The parser is responsible for converting magic files (text-based DSL) into an Abstract Syntax Tree (AST).

Key Files:

ast.rs: Core data structures representing magic rules (✅ Complete)
grammar.rs: nom-based parsing components for magic file syntax (✅ Partial)
mod.rs: Parser interface and coordination (🔄 In development)

Responsibilities:

Parse magic file syntax into structured data (✅ Components implemented)
Handle hierarchical rule relationships (🔄 In development)
Validate syntax and report meaningful errors (✅ Basic validation)
Support incremental parsing for large magic databases (📋 Planned)

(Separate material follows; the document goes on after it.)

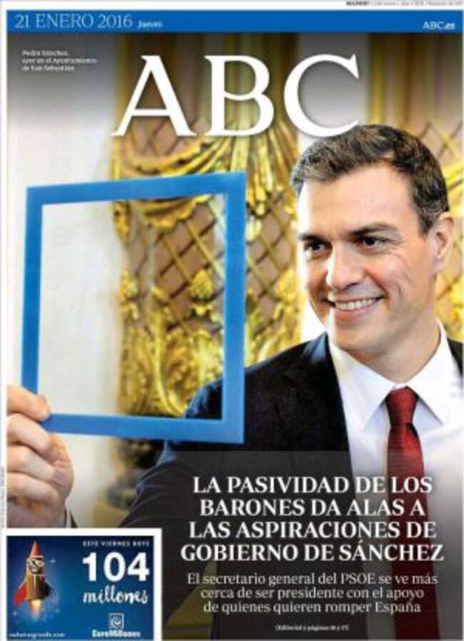 No muy bien, la verdad. ABC editorializa sobre "la peligrosa tentación del poder" en alusión a Sánchez y su subdirector, Luis Ventoso, llega a considerar en su columna que "un gobierno de Sánchez, legal pero ilegítimo, sembrará una gangrena social". Así que La Razón y El Mundo destacan una información que anoche adelantó en exclusiva la televisión Antena 3, en la que se consigue el reto periodístico de agrupar en el mismo titular al presidente de Venezuela, la CUP, Podemos y ETA: "Maduro reunió a la CUP, Podemos y al suegro del jefe de ETA", en referencia a un viaje pagado por Caracas para un foro de apoyo a la autodeterminación en el que participaron Anna Gabriel, el suegro de David Pla, supuesto número uno de ETA, y la dirigente de Podemos en Castilla-La Mancha, María José Aguilar.

Current Implementation Status:

✅ Number parsing: Decimal and hexadecimal with overflow protection
✅ Offset parsing: Absolute offsets with comprehensive validation
✅ Operator parsing: Equality, inequality, and bitwise AND operators
✅ Value parsing: Strings, numbers, and hex byte sequences with escape sequences
✅ Error handling: Comprehensive nom error handling with meaningful messages
🔄 Rule parsing: Integration of components into complete rule parser
📋 File parsing: Complete magic file parsing with hierarchical rules

2. AST Data Structures (`src/parser/ast.rs`)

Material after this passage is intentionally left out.